天蓋つきのベットの上である。挙動不審な様相でキョロキョロと周りを見渡すと、3人は寝れるゆったりとしたつくりで、頑丈なな竜の角でつくられたであろうベットだった。柱や装飾部分は細かな彫刻に彩られている。


―――ここはどこ………かしら?


見覚えはない。
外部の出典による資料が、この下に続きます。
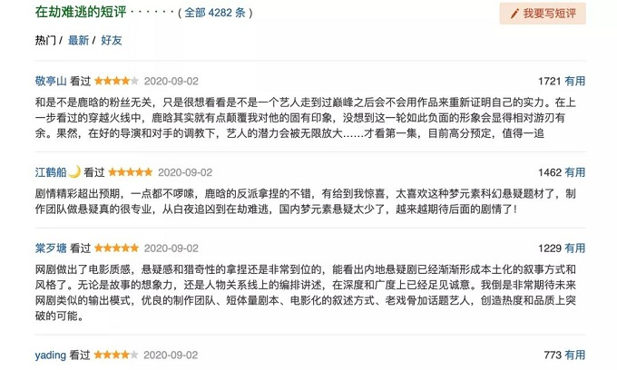 在尚未开分的豆瓣评分网站,《在劫难逃》排名靠前的评论均为四星以上。
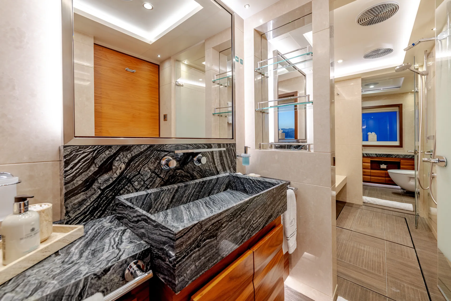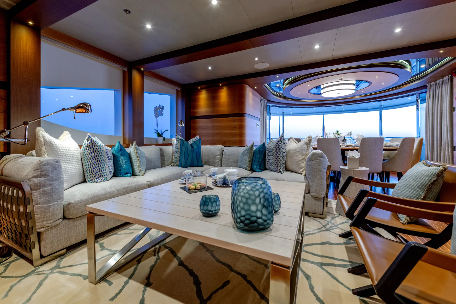 A full-beam suite on the lower deck rivals the owner’s cabin, offering a private lounge, study and an expansive en suite.

知らない部屋だと感じる。

ここにいる前の記憶を探ってみると、黄金色の双眸を思い出した。


―――そう、確か………あの穴から落ちたのだわ。


そう思い出すと慌てて身体に痛いところがないか確認する。腕も足も痣ひとつなく綺麗な状態なのに安心して、ほうっと息を吐く。


―――きっとあの方が助けてくれたのですね。


もしかしたらここはあの人の屋敷なのかもしれない。穴に落ちて倒れている私を見つけて助けてくれたのだろう。そう思うと少し恥ずかしかった。頬が薔薇色に染まる。あんな所に落ちるなんてきっと間抜けな娘と思われたに違いなかった。そっとため息を吐くと部屋を見渡してみる。何枚もある大きな窓は陽の光をこの部屋に導いて心地良い。刺繍が細かいレースのカーテンが風を受けてふわりと舞った。飾られた絵画も花瓶もテーブルも質素なように見えて細部まで技術を凝らした素敵なものだ。ふと、壁にある大きな鏡に目が行った。なんの気なしにベットから足を出す。つま先を降ろした大理石の床はひやりと冷たくまだ少しはっきりしていなかった頭をすっきりさせるのには十分だった。全身を鏡に映してみると、しなやかな身体つきの美しい少女がこちらを不思議そうに見返していた。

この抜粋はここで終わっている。